People often talk about the supposed conflict between science and religion (particularly Christianity). Evolution is one of the most well-known arenas of this conflict that comes to mind for people. But if there’s one person whose work and theological ideas contradict the belief that science and religion cannot coexist, it’s Pierre Teilhard de Chardin. This 20th century polymath was a Jesuit priest, scientist, paleontologist, theologian, and philosopher. He totally subscribed to Darwin’s theory of natural selection and even made groundbreaking discoveries that supported this view of evolution. For him, his faith in God was not threatened by his scientific knowledge, but rather informed by it—and vice versa. He saw God and evolution as two ways of describing the ongoing force of creation, which is defined by a fundamental interconnectedness of all things in the natural universe.
For the modern-day mystic, Teilhard de Chardin is very important. So, we’ll be focusing an entire blog post on him.
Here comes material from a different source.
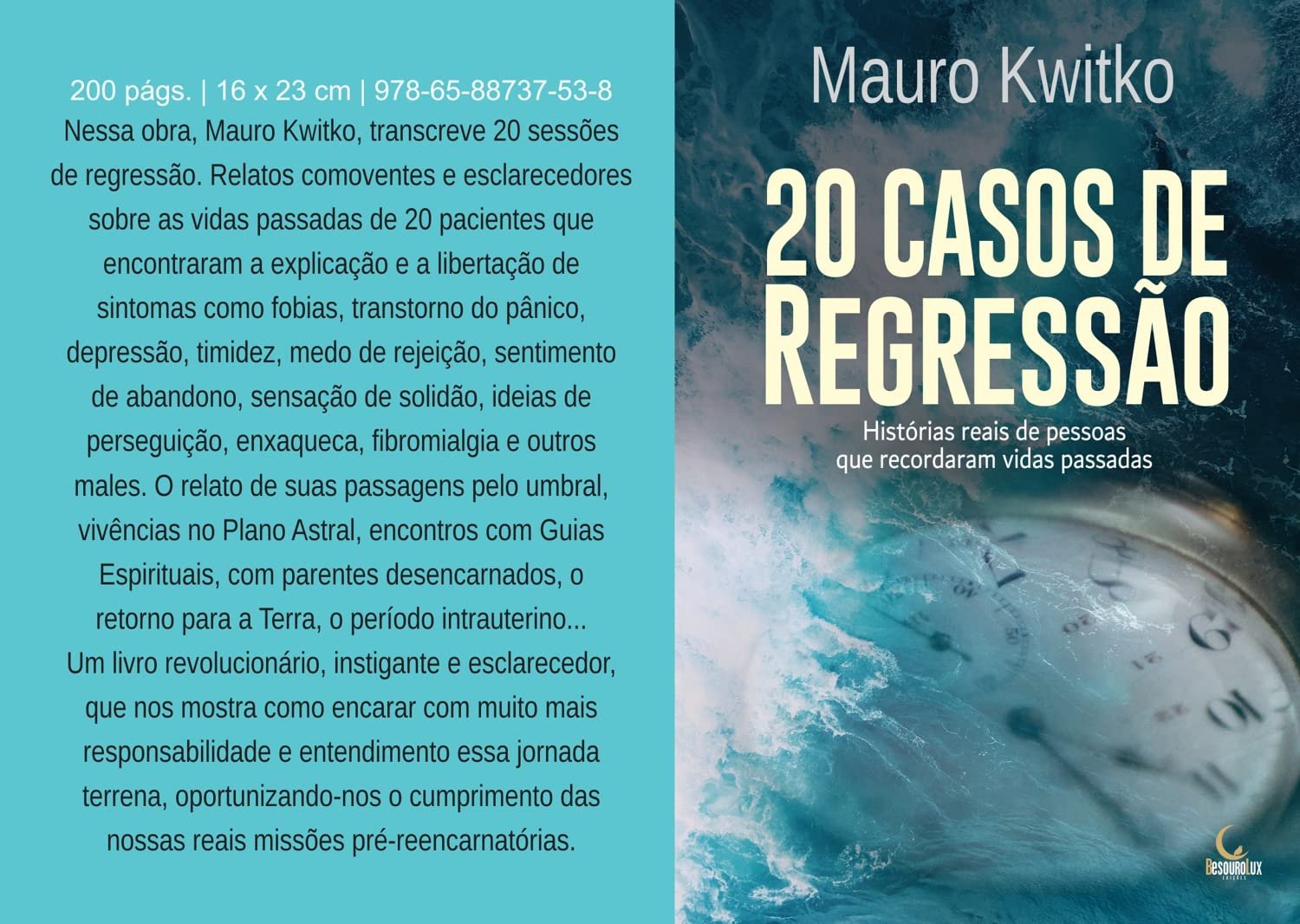 Nessa obra, Mauro Kwitko, transcreve 20 sessões de regressão. Relatos comoventes e esclarecedores sobre as vidas passadas de 20 pacientes que encontraram a explicação e a libertação de sintomas como fobias, transtorno do pânico, depressão, timidez, medo de rejeição, sentimento de abandono, sensação de solidão, ideias de perseguição, enxaqueca, fibromialgia e outros males. O relato de suas passagens pelo umbral, vivências no Plano Astral, encontros com Guias Espirituais, com parentes desencarnados, o retorno para a Terra, o período intrauterino… Um livro revolucionário, instigante e esclarecedor, que nos mostra como encarar com muito mais responsabilidade e entendimento essa jornada terrena, oportunizando-nos o cumprimento das nossas reais missões pré-reencarnatórias.

In this post, you will learn:
- A bit about who Teilhard was, along with some of the most important moments and influences in his life.
- How Teilhard navigated his dual identity as a scientist and theologian.
- What Teilhard meant by the concept of the “Cosmic Christ” and how this fits into his spiritual understanding on evolution.
- How prescient Teilhard was in foreseeing many of our modern-day interests and concerns.
- What Teilhard’s vision was for the future of humanity and how you fit into that!
The Interconnectedness Of Science And Religion
“Someday, after mastering the winds, the waves, the tides and gravity, we shall harness for God the energies of love, and then, for a second time in the history of the world, humanity will have discovered fire.”
Pierre Teilhard de Chardin
This beautiful quote by Pierre Teilhard de Chardin encapsulates much of what this post will be about. Every mystic has a treasure to offer us, but Teilhard is particularly relevant for us today. He’s a scientist, but clearly not a materialist. The world is both spiritual and material. Teilhard’s philosophies are all about how these two natures interconnect into a complex network. And he saw this network as wrapping itself around the globe like a membrane around a single organism. In this, he was way ahead of his time.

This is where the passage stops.